Note that here I use Jaccard distance instead of the  cosine distance. This is because the closeness of the value on each feature is meaningless, as the value is the result of a hash function. Whereas in `FeatureHashser`'s example, the value represents the term frequency of a word, so it was meaningful there. This needs to be kept in mind when using `TagsHasher`.

Finally, let's see some results.

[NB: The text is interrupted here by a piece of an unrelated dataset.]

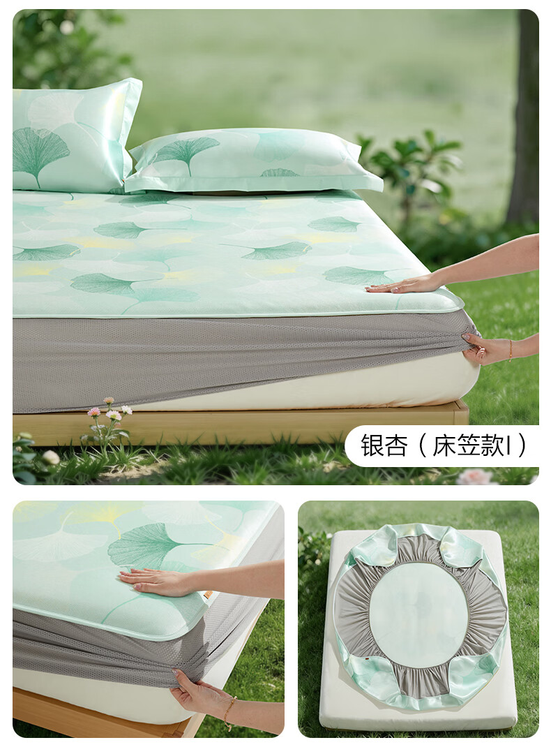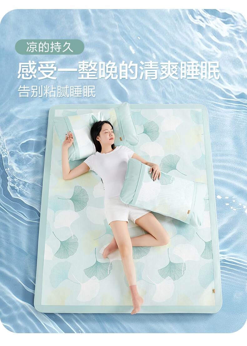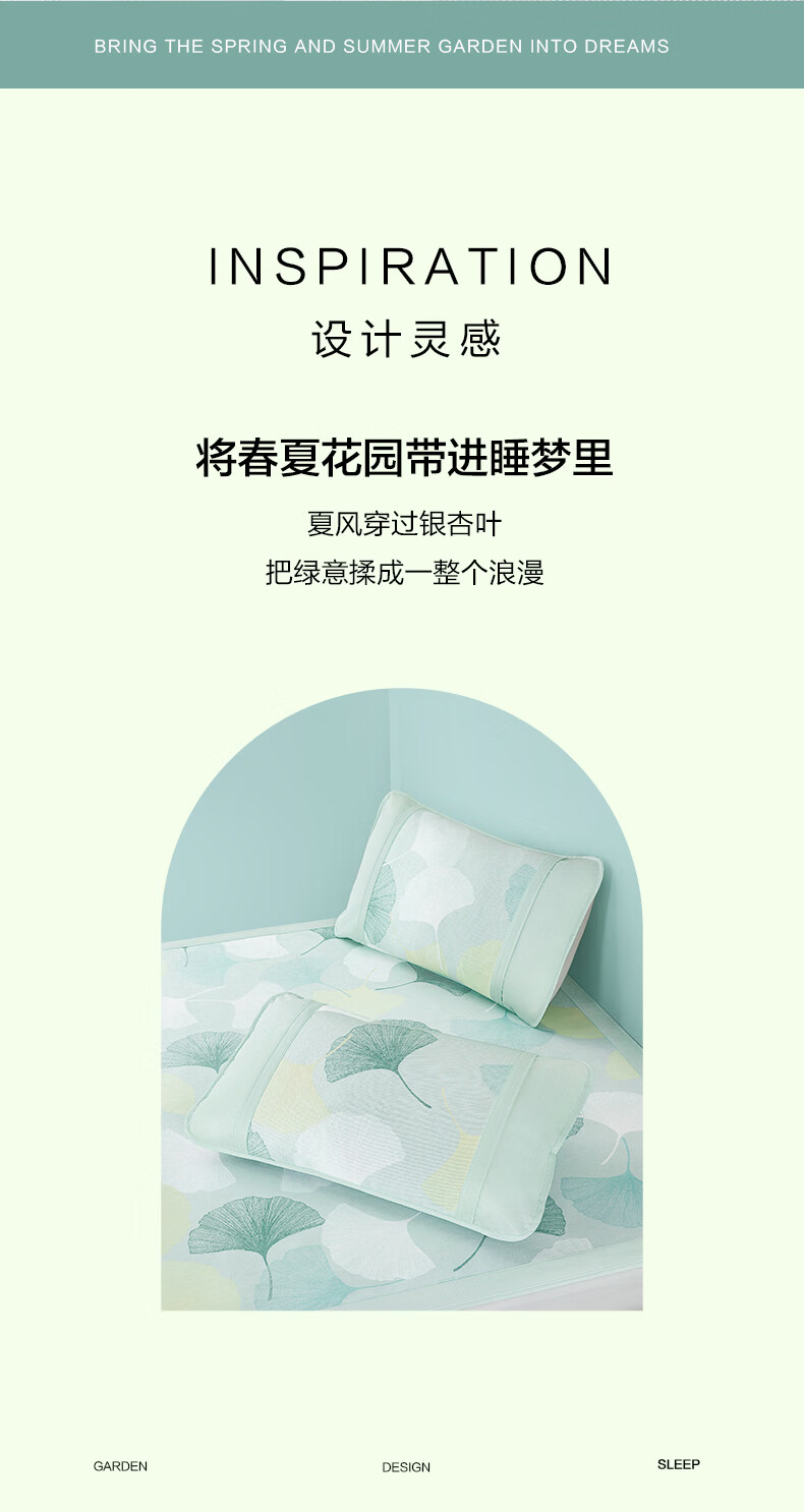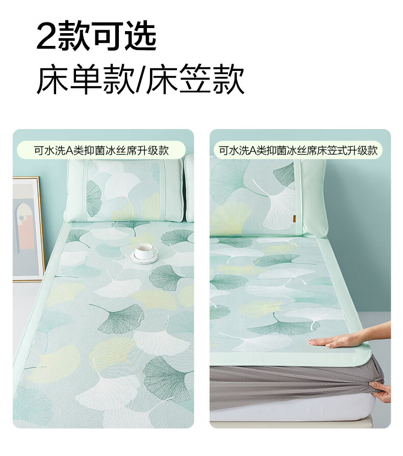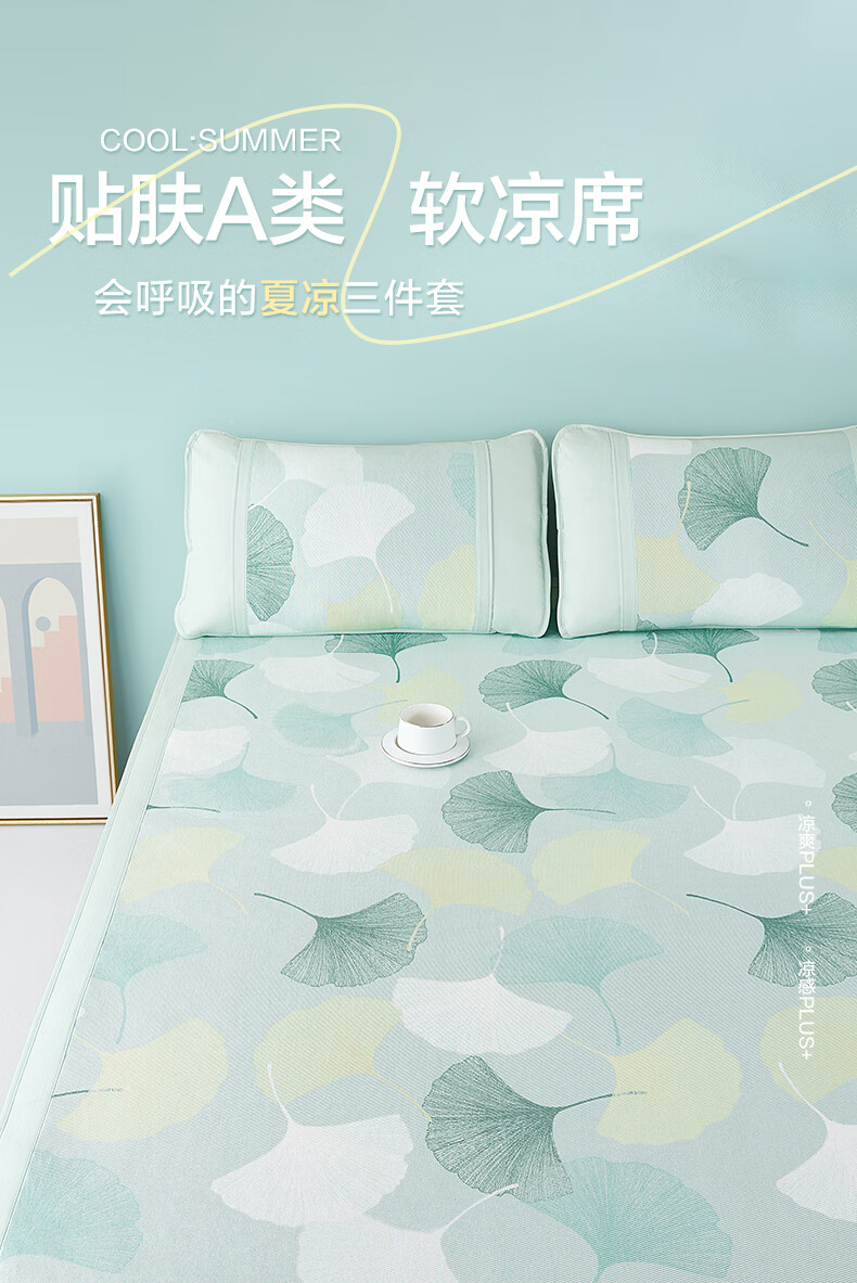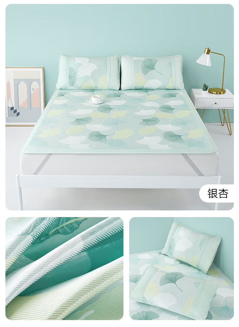 博洋(BEYOND)博洋印花可水洗冰丝席子夏软凉席二三件套可折叠冰丝席单双人夏季 【可水洗+A类】凉感软凉席-银杏 90*200cm

Here I only print top-5 matches.

In [21]:
for d in qa:
    print('my filter is:', d.tags)
    for m in d.matches:
        print(m.tags)

my filter is: {'Subject': 'Comedy'}
{'Popularity': '82', 'Subject': 'Comedy', 'Length': '', 'Director': '', 'Awards': 'No', 'Title': 'Valkenvania', 'Actor': 'Chase, Chevy', 'Actress': '', '*Image': 'NicholasCage.png', 'Year': '1990'}
{'Popularity': '28', 'Subject': 'Comedy', 'Length': '', 'Director': '', 'Awards': 'No', 'Title': 'Secret War of Harry Frigg, The', 'Actor': 'Newman, Paul', 'Actress': '', '*Image': 'paulNewman.png', 'Year': '1968'}
{'Popularity': '56', 'Subject': 'Comedy', 'Length': '', 'Director': '', 'Awards': 'No', 'Title': 'Best of Eddie Murphy, Saturday Night Live, The', 'Actor': 'Murphy, Eddie', 'Actress': '', '*Image': 'NicholasCage.png', 'Year': '1989'}
{'Popularity': '29', 'Subject': 'Comedy', 'Length': '', 'Director': 'Fellini, Federico', 'Awards': 'No', 'Title': 'Ginger & Fred', 'Actor': 'Mastroianni, Marcello', 'Actress': '', '*Image': 'NicholasCage.png', 'Year': '1993'}
{'Popularity': '14', 'Subject': 'Comedy', 'Length': '60', 'Director': '', 'Awards': 'No', '